This is a sweet and thought-provoking article from a man who took his wife’s last name:
I appreciate this man’s stance toward making the personal political, and yet remaining true to what he simply wanted: marking the creation of his new family.
J and I were filling out our marriage license tonight (we’re getting closer! we got our prenup notarized today, too!) and trying to decide what we want to do with our names.
I have been sure that I would keep my last name- it’s too good to erase. And I am also adamant that I am not being transferred as property from my father to my husband. But what about taking J’s last name as a middle name? I already have two (one that my parents gave me as a “regular” middle name, the other that my mom wanted to give both my sister and I as a second middle name to commemorate her side of the family. It’s not technically her maiden name, as her stepfather had adopted her when she was young, but is her original last name), and I don’t want three middle names. Do I give up one of my middle names? Which one? I love my first middle name; it’s become a nickname of mine. I also appreciate my second name as it has preserved my mom’s narrative of her strength and perseverance of getting through a tough childhood.
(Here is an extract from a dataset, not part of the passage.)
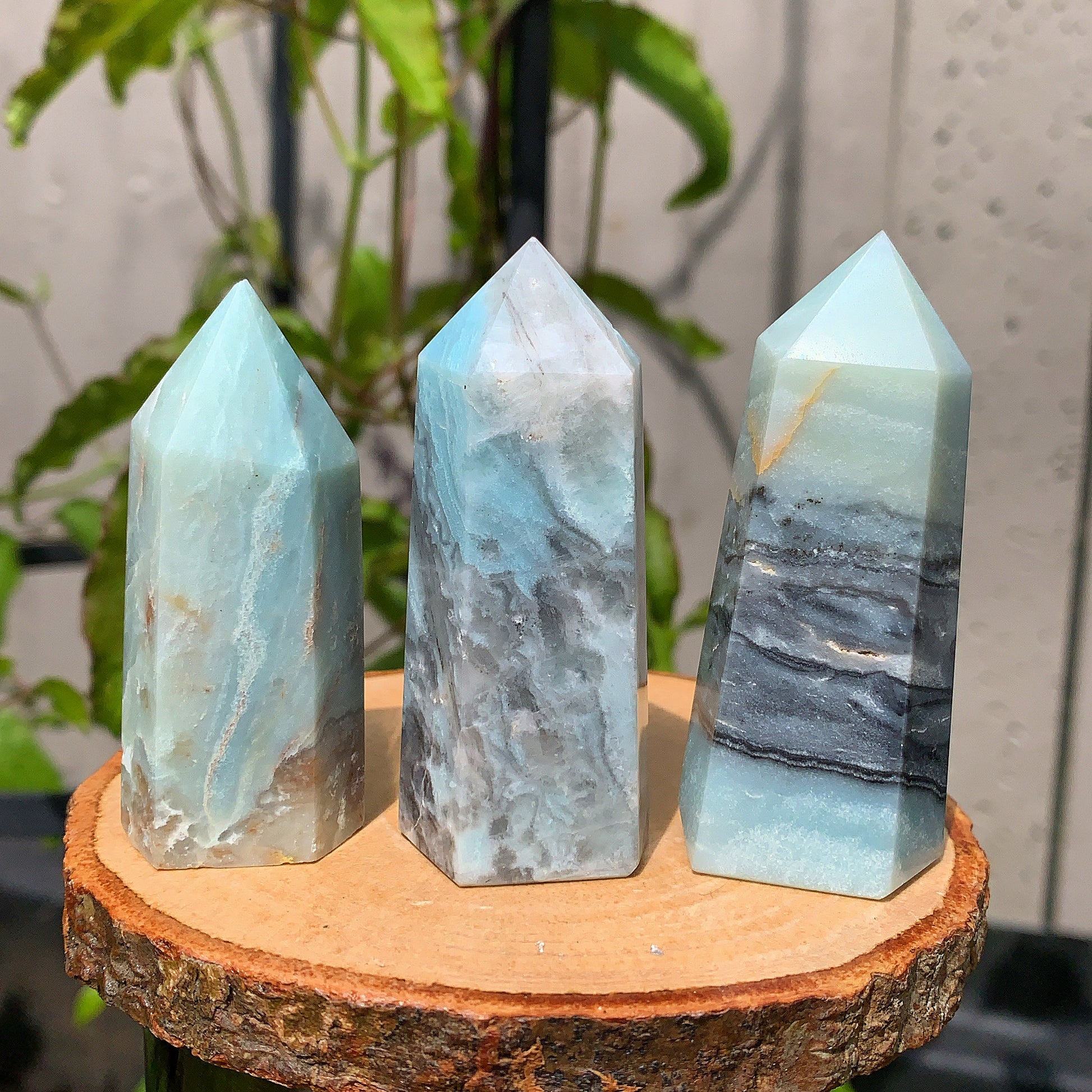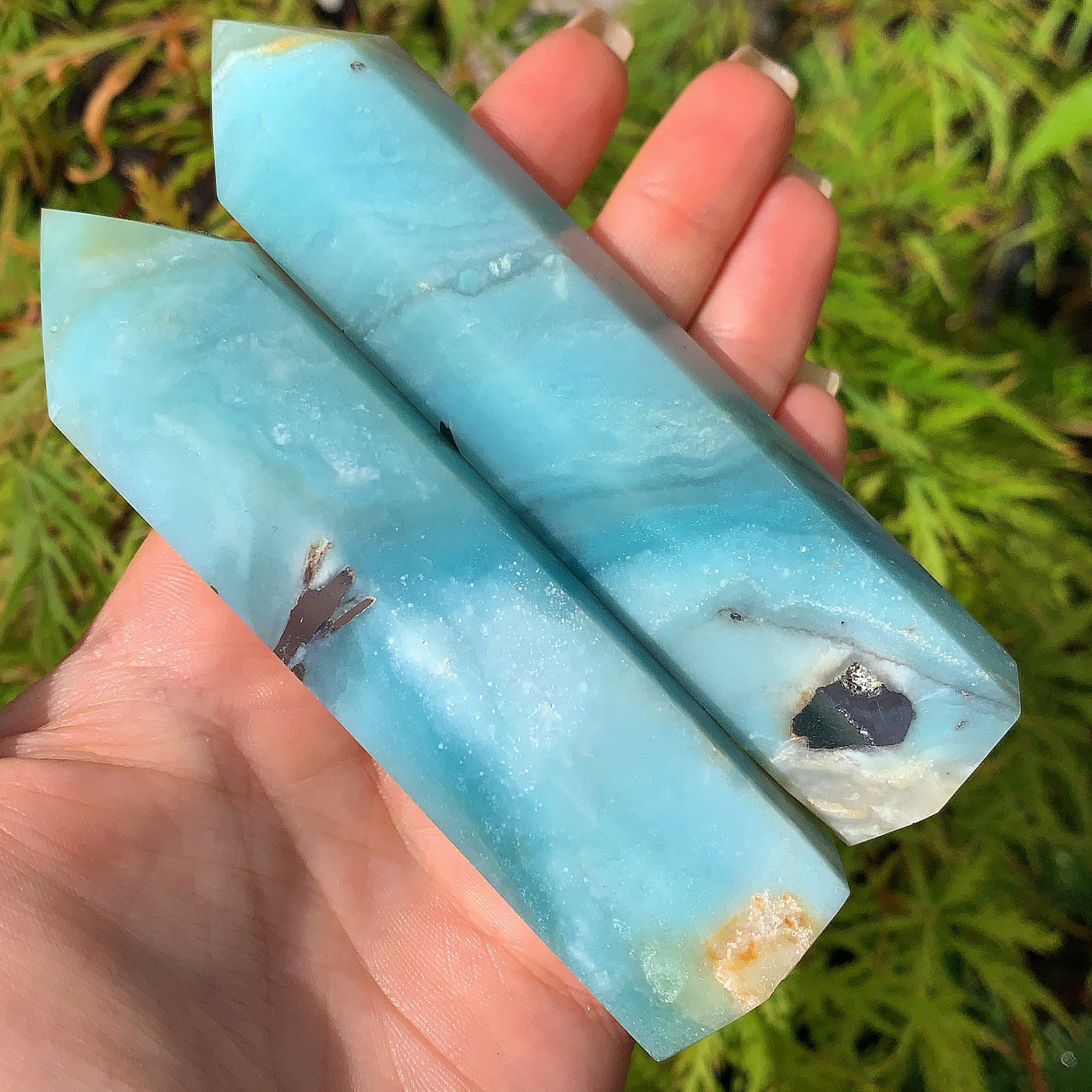 These beautiful Caribbean Calcite Points have the most stunning ocean blue Calcite colouring and light brown and white colouring from the Aragonite. The colours in Caribbean Calcite resemble the scenes of a dreamy beach and ocean. Points can be used in combination with other crystals to create an energy grid, opening and aligning whilst clearing the aura bodies and opening energy blocks whilst harnessing positive energy. A single crystal point pointed away from the body draws energy off, and pointed inwards draws energy in.

J and I could create a hyphenated last name. But that gets long and arduous for ourselves and others. And like the author in the article, we don’t want to create a law firm. We want to simply mark the creation of our family.
It’s not an automatic option to take one another’s last names as a middle name, but it sounds like it is an option; it simply needs to be approved by court before our names are official. But we are considering it. So I could drop my second middle name and adopt J’s last name as my second middle name. He could drop his middle name and take my last name as his middle name.
Slightly complicated, and expensive to do. Changing our names would require trips to the DMV. And money.
It feels worth it, but also a little annoying.